Не случайно и Аг-геева в поисках культуры занесло не в Мариинский,
а в варьете на Елагинский. Церковь вообще воспринимает культуру
как порно, реальное обнажение плоти, понятие эротики в христианстве
просто нелегитимно. Розанов говорит, что христиане даже женитьбу
хотя и признают, но только как физиологический акт, "любовь" же
отрицают Совокупление хотя и разрешено в христианстве (от поста
до поста 30 дней в году) в целях "чадотворения", но не приветствуется,
ибо не полезно. "Кто может, да вместит", как говорится. Совмещение
откровенного физиологизма с глубочайшими вроде бы апофатико-катафатическими
интуициями Бога поражает в христианстве. Но ничего парадоксального
здесь нет, коль скоро Бог христиан — Бог смерти. Все, что служит
жизни — не полезно; все, что ведет к смерти, остановке истории —
благо. Но Розанова занимает именно непоследовательность христиан
в этом тонком вопросе. Если бы они следовали доктрине Христа абсолютно
и безусловно, история действительно бы закончилась, по крайней мере
для них самих, для христианского мира. А поскольку сладенькое
они все же принимают, но только в плебейских, извращенных и прямо-таки
изуверских формах, постольку спор с ними все же имеет смысл. Розанов
уделил вскрытию этой христианской тайны немало страниц своей "Метафизики
христианства". В непоследовательности, путанице и смешениях обвиняли
в свою очередь и самого Розанова его оппоненты, тот же Аггеев предостерегал
его от смешения церкви и христианства. Официальная церковная доктрина,
по крайней мере на словах, действительно постулирует это различие.

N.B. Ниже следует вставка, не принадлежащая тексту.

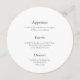 Keep your wedding table chic and simple with this minimalist round menu card. Featuring a clean three-course layout, it’s the perfect modern touch for elegant, coastal, or romantic weddings. Fully customisable with your own menu.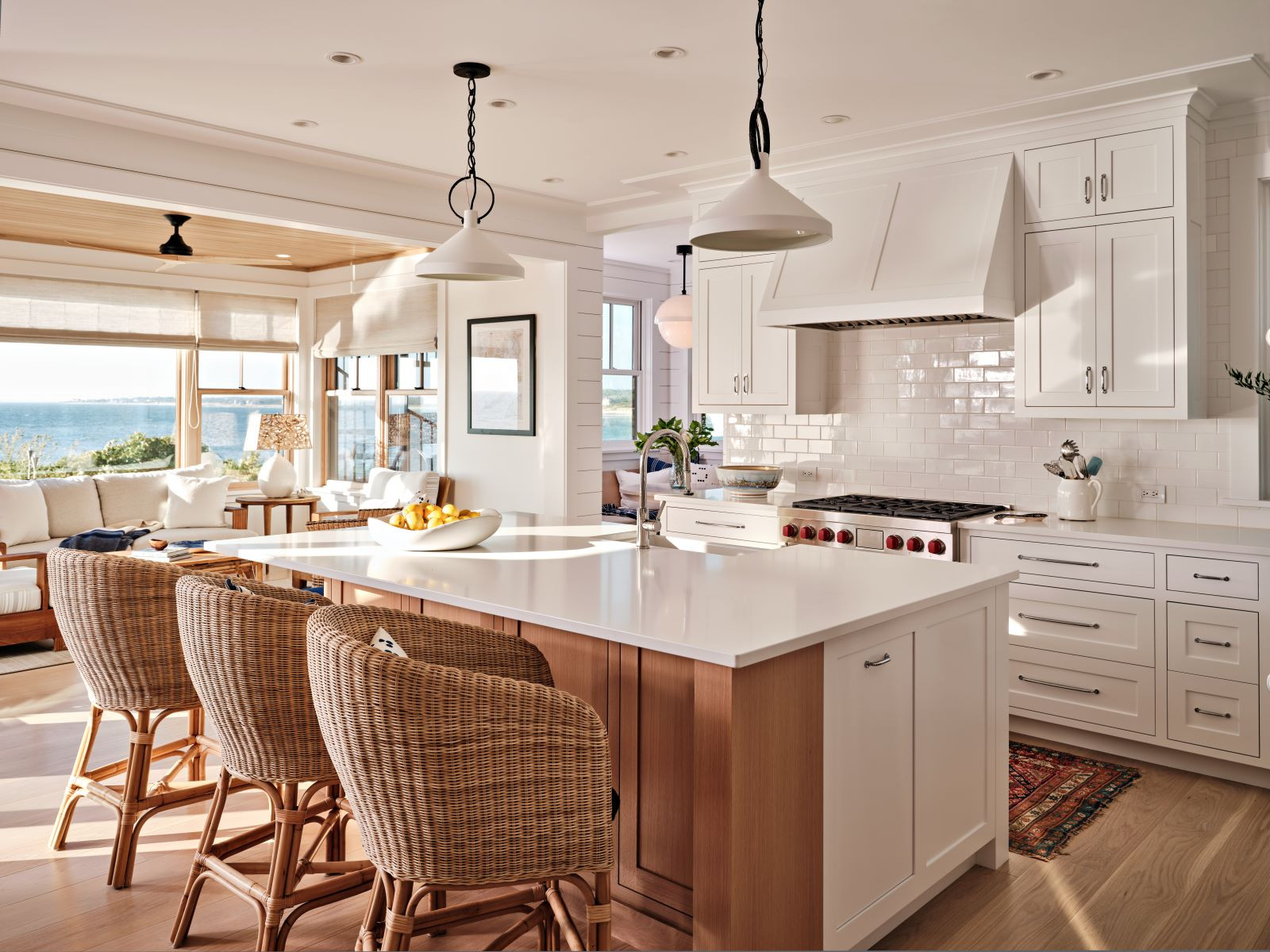 This coastal-style Boston kitchen by McPhee Associates of Cape Cod has many features popular among homeowners, according to the study. They include white Shaker-style cabinets, a white rectangular tile backsplash in a horizontal brick pattern, white countertops, stainless steel appliances and pendant lights over the island.

Но это только различие "точек зрения". Сама же церковь на деле претендует
на приоритетную "точку" и таким образом все же смешивает несмешиваемое.
Эта точка и есть сам Христос, "мистическим телом" которого церковь
себя величает. Что же мог сказать об этом теле Розанов (см. его
статью
.Святость и смерть"), кроме правды: оно не рожает,
не плодоносит, ибо оно бесплодно, лишено жизни, веселья и радости.
Это мумифицированное тело, „едущее "второго Воскресения". Это практически
мощи, а не тело, "святая плоть", застывшая даже в своем разложении,
и только она является предметом поклонения в христианстве, предметом
лобызания, предметом любви. Именно эта некрофилия в христианстве
так возмущала и отталкивала Розанова, ее-то он и разоблачал, снимая
лицемерный флер сакральности с ее чисто "психофизиологической" сути.
Таким образом, непоследовательность христиан в решении проблем времени,
истории и культуры объясняется Розановым вроде бы чисто "физиологическими"
причинами. Но не все так просто. Сам же розанов не признавал никой
"физиологии". Его интересовал только смысл рассматриваемых феноменов,
а смысл этот может выявиться только через привлечение какого-нибудь
третьего текста-контекста, пусть это будет и "психофизиология",
тем более что интерпретировал он ее онтологически. И здесь Розанов
движется путями Ницше и Фрейда, откровенно обращаясь к эмпирическому
психологическому материалу (собранному Крафт-Эбингом, например)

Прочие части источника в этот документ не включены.